Submitted by Heather.Morris… on May 12, 2016 - 12:44 PM

Suggestions for specific deliverables: 1. Don't reinvent the wheel - extend the tri-agency open access policy on publications to government scientists and contractors (summer 2016): http://www.science.gc.ca/default.asp?lang=En&n=F6765465-1 2. Improve on the tri-agency policy by requiring that a copy of all peer-reviewed publications be made openly accessible through a Canadian-based open access archive, even if works are published in open access journals.
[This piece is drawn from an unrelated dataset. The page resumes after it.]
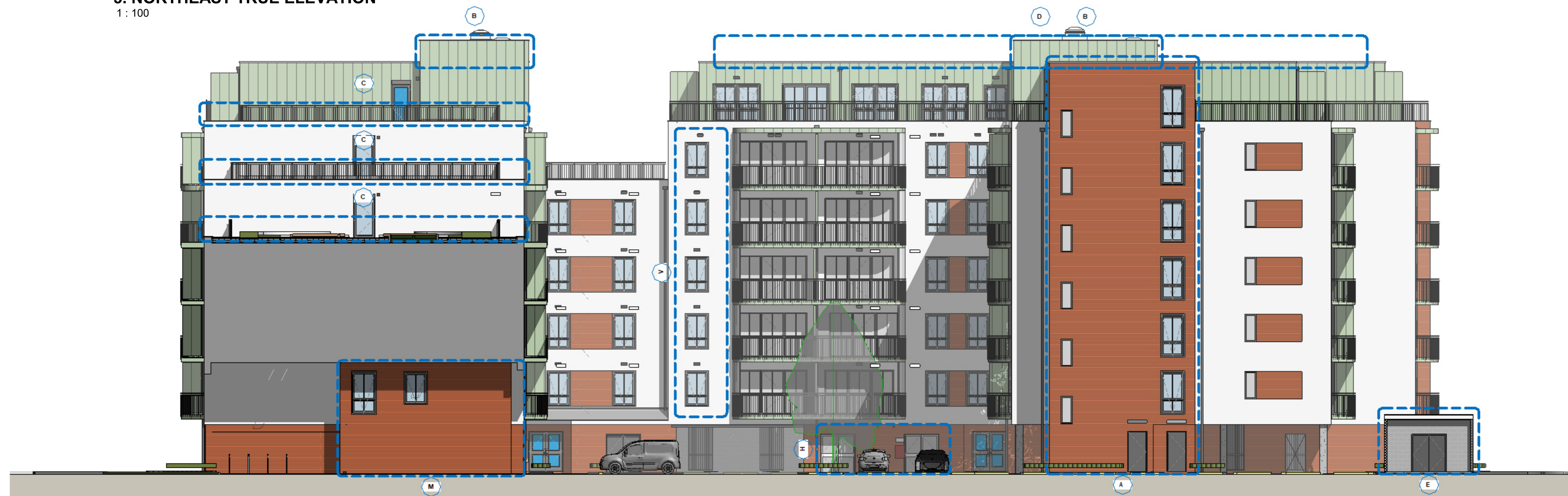
6. NORTHEAST SECTIONAL ELEVATION 1 : 100

Legend: X Non-Material Amendments Cabinet defines portions of the building in plan and elevation that have necessary amendments from the original approved drawings.

Rationale: (speaking as a university researcher focusing on the economics of transition to open access): it is not wise to rely on journals to provide ongoing access of any kind, never mind open access in perpetuity. Journals start, stop, merge, split, change hands and/or approaches all the time. For example, this year I found that 27 journals active on the website of the world's largest and possibly most commercial successful open access publishers, Hindawi, are no longer there this year. If Canadian researchers have published in these journals, it is not clear how anyone would access this content. 3. Research data should be covered under the open government directive with a default of open. To facilitate the effectiveness of research funded by Canadians, government scientists (and contractors) should be instructed to actively cooperate with, and advocate for, international data-sharing initiatives, aligned with Canadian priorities. I think it is timely to commit to sharing of environmental data globally to track compliance with goals set out in Paris last year and to accelerate change towards a clean energy economy. The mapping of the human genome in 13 years showed us what we can do when we work together. 4. Researchers funded by the government should be actively engaged with the public at all phases of the research. Every government scientist or group of scientists should be encouraged to adopt their own approach to open research such as open notebook science, research blogs, creating educational videos for YouTube, twitter accounts, citizen science projects. Specific deliverables: a) open communication and engagement directive for government scientists - suggested timeline fall 2016; b) 1 - 3 citizen science pilot projects - suggested timeline 2017-2018.